At the news of these cruelties, a cry of horror was heard from the friends of the Reformation, and Luther’s feeling heart underwent a terrible conflict. On the one hand the peasants, ridiculing his advice, pretended to receive revelations from heaven, made an impious use of the threatenings of the Old Testament, proclaimed an equality of rank and a community of goods, defended their cause with fire and sword, and indulged in barbarous atrocities. On the other hand, the enemies of the Reformation asked the reformer, with a malicious sneer, if he did not know that it was easier to kindle a fire than to extinguish it. Shocked at these excesses, alarmed at the thought that they might check the progress of the Gospel, Luther hesitated no longer, no longer temporized; he inveighed against the insurgents with all the energy of his character, and perhaps overstepped the just bounds within which he should have contained himself.
The peasants,” said he, “commit three horrible sins against God and man, and thus deserve the death of body and soul. First, they revolt against their magistrates, to whom they have sworn fidelity; next, they rob and plunder convents and castles; and lastly, they veil their crimes with the cloak of the Gospel. If you do not put a mad dog to death, you will perish, and all the country with you. Whoever is killed fighting for the magistrates will be a true martyr, if he has fought with a good conscience.”
Luther then gives a powerful description of the guilty violence of the peasants who force peaceful and simple men to join their alliance and thus drag them to the same condemnation. He then adds:
For this reason, my dear lords, help, save, deliver, have pity on these poor people. Let everyone strike, pierce, and kill who is able. If thou diest, thou canst not meet a happier death; for thou diest in the service of God, and to save thy neighbor from hell.”

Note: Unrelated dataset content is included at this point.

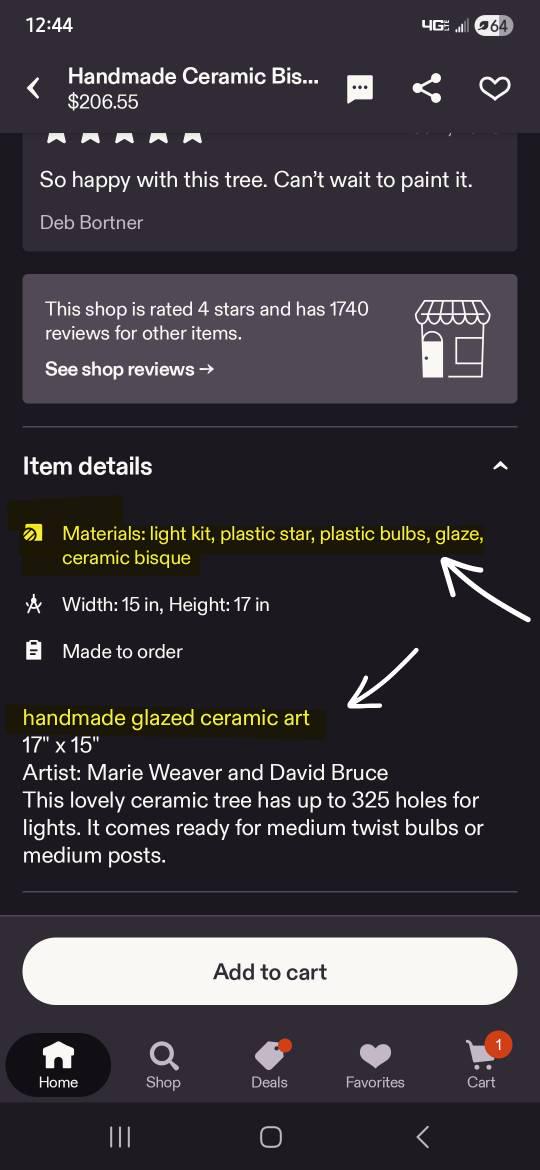 Item was falsely advertised as glazed and coming with light kit, star and bulbs. A bisque item arrived. Seller changed the item description after I complained.
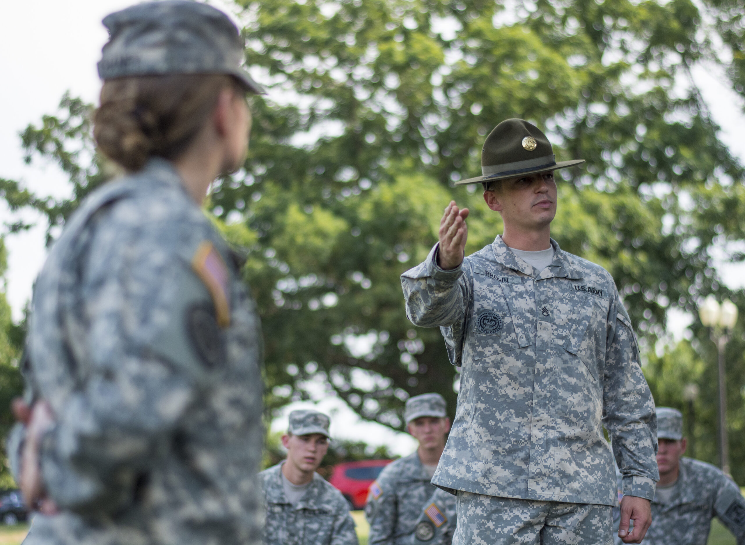 When the knife hand is employed as a direction indicator it’s not done in a casual manner such as “The office you are looking for is over there.” Negative. It’s done with an assertive and emphatic manner. When general directions are given, they are also peppered with military lingo. “Maintain your current heading for three clicks on the MSR and bear left at the intersection.” Roger that. The confident delivery leaves little room to question if the directions are correct. Most of the time when the knife hand is used as a direction indicator it is accompanied with corrective verbal commands. “Get off the grass!” Not only do you know to change your behavior, but you are also given the specified path to follow.

Neither gentleness nor violence could arrest the popular torrent. The church-bells were no longer rung for divine service; whenever their deep and prolonged sounds were heard in the fields, it was the tocsin, and all ran to arms. The people of the Black Forest had rallied round John Muller of Bulgenbach. With an imposing aspect, covered with a red cloak and wearing a red cap, this leader boldly advanced from village to village followed by the peasantry. Behind him, on a wagon decorated with ribands and branches of trees, was raised the tricolor flag — black, red, and white — the signal of revolt. A herald dressed in the same colors read the twelve articles, and invited the people to join in the rebellion. Whoever refused was banished from the community.
Ere long this march, which at first was peaceful, became more disquieting. “We must compel the lords to submit to our alliance,” exclaimed they. And to induce them to do so, they plundered the granaries, emptied the cellars, drew the seigniorial fish-ponds, demolished the castles of the nobles who resisted, and burned the convents. Opposition had inflamed the passions of these rude men; equality no longer satisfied them; they thirsted for blood, and swore to put to death every man who wore a spur.